Meeting of AECB Wales Group to Gloesgerddyn, Powys
AECB members and guests recently visited Gloesgerddyn, a nearly completed retrofitted house and extension. They were joined by;
- The builder – Guy Walker of Builth Builders
- The installers of the Biomass system and PVs – Guy Neale of Berenewable.com
- The architect and long standing AECB Member – Nick Salt
- The Client – Anne Morgan
Nick gave a slide show showing the building work as it progressed. The building was not complete which was a bonus as it was useful to see the work in progress.
The house is situated in the village of Llandefaelog Fach, a few miles north of Brecon. It was originally the small two-storey gatehouse to nearby Llandefaelog House, built during the 19th century in solid grey stone with a slate roof, onto which rendered block-work extension had been added in the 1990s. Luckily the house had not been listed along with the nearby main house and stable block, which helped ease the planning situation.
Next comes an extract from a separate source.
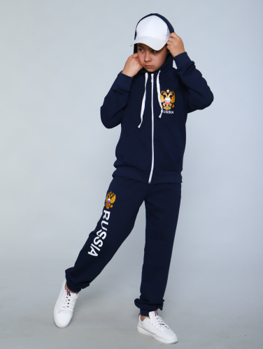 Детский физкультурный костюм с гербом сшит для для мальчиков и девочек подростков. Куртка спортивного костюма двойки на молнии, с капюшоном, на груди герб России (РФ). Брюки джоггеры с манжетами внизу, с поясом на резинке и шнурком для фиксации на талии, на правой ноге крупная надпись "RUSSIA". Комплект сшит из тонкого без начеса трикотажа для весны и лета, прогулок и походов, пикников. Для активного отдыха и занятий спортом на свежем воздухе. Отличается подростковый комплект-двойка своим стильным и в то же время сдержанным дизайном и удобством. Посадка штанишек для физкультуры средняя, удобная. Модная и функциональная олимпийка с большим объемным капюшоном, может использоваться в качестве отдельного верха на лето . Рукава молодежного спортивного костюма - реглан. Спереди карманы "Кенгуру". Костюм детский спортивный в темной серой черной гамме прекрасно подойдет для активных занятий физкультурой в школе и игр, для путешествий и туристических походов. Для командных игр и тренировок, на летний и весенний сезон, теплую осень. Повседневно комплект с худи с капюшоном для юношей и девушек может быть использован тоже. Натуральный состав - это еще одно преимущество комплекта одежды черного цвета , ведь он гарантирует комфорт и практичность. Цветной школьный тренировочный комплект для занятий физкультурой в спортивном зале - практичный, немаркий. Подойдет трикотажный костюм и высоким школьникам, поскольку размерный ряд до 170 роста. Если Ваш ребенок активный, любит играть в "войнушки", участвует в спортивном ориентировании, любит походы, составляет компанию папе на рыбалке, то этот костюм будет ему замечательным подарком! Это прекрасный полезный подарок активному мальчику или девочке!

The starting point of the design brief was to convert, retrofit and extend the gatehouse to provide a comfortable and convenient home for Anne and her ageing mother. The solution reached was to add a generous and sympathetic two-storey extension, providing a 165% increase in floor area. The new extension is timber-framed, with a rendered block-work external skin, a slated roof and good levels of insulation with Warmcell and Kingspan. The walls and roof of the original house have also been retrofitted with internal insulated dry linings. The new and existing floor slabs in both areas have also been well insulated. New, high quality double-glazed windows and doors have been fitted into the whole building. There are unexpectedly good and interesting views in most directions, including the distant Hay Bluff and Brecon Beacons. The lean-to Boiler Room on the back of the extension contains all the main heating equipment, plumbing and controls, including a Windhager biomass boiler, fed with wood pellets by air pressure from a storage hopper below. This is all very visible and accessible. and makes a good drying room and garden shed. The extended house is now heated by a combination of under-floor pipes, radiators and a central wood-burning stove. PV panels cover most of one side of the extension roof and are completely hidden from the front elevation view.
The building work started in June 2015, and is expected to be completed during March 2016.